The David Treat Dennis who presented himself to the cameras was a composed, articulate, handsome young man, inspired by a sense of righteousness, of moral probity, and manifesting a winning level of nervousness. Behind him, as he spoke, a slide projector showed images culled from Bosnia, Rwanda, Nicaragua, Guatemala—all unattributed—showing the various effects of antipersonnel land mines, cluster bombs, and combat weapons, largely on young children. Showing these images had been Ed Dennis’s idea, and that they were entirely irrelevant to the prosecution of Ronald Rosenthal bothered no one, least of all Dee: this was not a courtroom. His voice, when the audience finally hushed and he began talking, was only helped by the raspiness of his night awake.
“Ladies and gentlemen, we talk about the arms trade, and the way we talk about it obscures the reality of what people like Ronald Rosenthal do for a living. Yes, they wear suits; yes, they work in offices; yes, they pay taxes. But the reality of their work is selling death and profiting from war, and our prosecution of Ronald Rosenthal sends one message, pure and simple: munitions sales are governed by the law of the land. They are a matter of foreign policy that only our executive branch can alter; a matter of legislation that only our Congress can rule on; and when they are illegally undertaken they become a matter that our courts cannot ignore.”

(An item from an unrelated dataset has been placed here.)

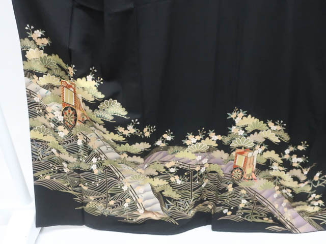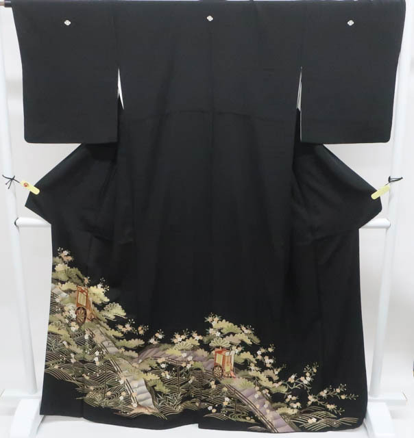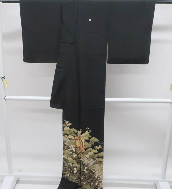 リサイクル商品のため、右脇後ろに糸の緩み、比翼や衿など所々薄汚れがございますがご着用いただけると存じます。 地色は黒です。 1枚目の画像が近いお色かと思われます。 素材は正絹です。 日本国内から発送いたしております。 発送後は追跡番号をお知らせいたします。 スタッフによる手作業での検品採寸済み。 |

Coming from this earnest, handsome, articulate young man, the speech got the benefit of the network cameramen’s kindest attention: this was prime-time material, straight into the can. Only one lone reporter, a young woman in the back of the room, sounded a note of discord when she asked in a precise, confident voice, “You don’t mean to say, Mr. Dennis, that there aren’t more arms being exported under the Clinton administration than any other previous government? And a follow-up: how is your prosecution being affected by t
he reports of a secret arms pipeline between the Falcon Corporation and the Bosnian Muslims being blessed by the White House?”
With a showman’s instinct, Dee answered only the follow-up.

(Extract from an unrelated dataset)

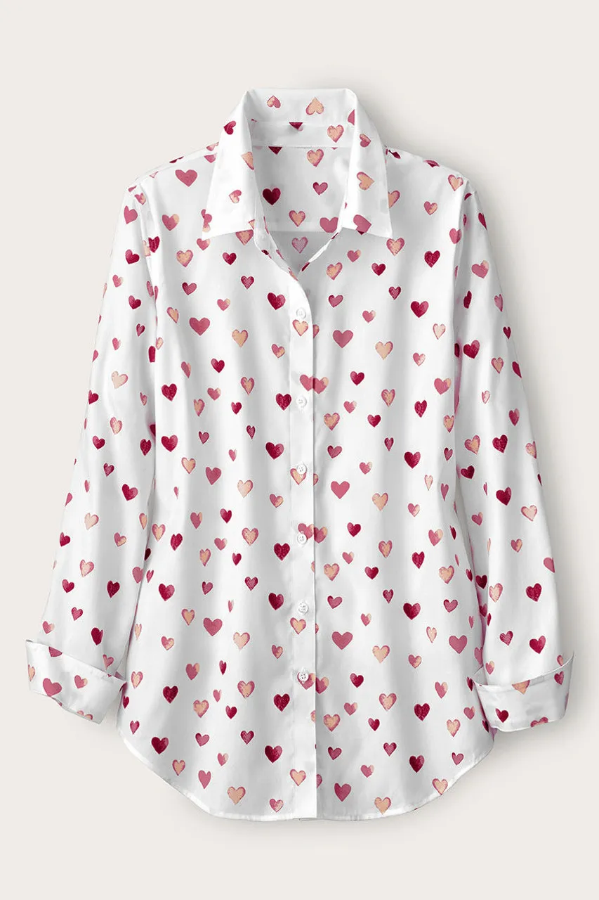 Color yourself happy, twice over – with a fresh watercolor-hearts print in our wrinkle-free fabric.

“The Justice Department has, to my knowledge, found those reports groundless, Ms. . . .”
“Laura Isenberg, Pacifica Network.”
A name, clearly, the handsome young lawyer found easy to disregard, as he turned his attention to a man from ABC.
The conference was aired live on C-SPAN, and when Dee arrived back in the office his father was waiting on hold.
“Deedee. Tremendous. The way you handled that girl was word-perfect. Who briefed you on that?”
Hollow with fear, Dee had hung up the phone, and after receiving the rest of his congratulations, made his way to his office.
Shauna was taking the staff to a champagne lunch at Delmonico.
Watching the harbor water glinting, steely, dispassionate, Dee lit a thin Dunhill Panatela, pulling the smoke deep toward the aching anxiety in his stomach.
It was like a wound.
3.
Once, during her time in Paris between college and law school, Alley had surprised her father by picking him up at the airport on one of his business trips.
Her father had emerged from customs in the escort of four black-suited men. Outside, two BMWs had been waiting: one for her father, one for the men, and they’d driven straight to the Israeli embassy, where, while her father conferred behind closed doors with the ambassador, the four men had drawn handguns—big, automatic nine-millimeters—to fit the holsters they wore under their suit jackets.
What business required this security—unusual even for her father—Alley had known better than to ask, and she’d managed to forget that the four men were even there, most of the time. But one night at the Flore, while her father was in the bathroom, a very drunken man tried to pick her up while she sat alone, upstairs, at a small table. She ignored him, he got mad and lurched toward her, and before she could raise a hand to stop him he was lying on the ground with a knee on his chest while one of the bodyguards searched him with violent efficiency, then dragged him out of the café. She watched, horrified—he had been harmless. But she had been too surprised to intervene.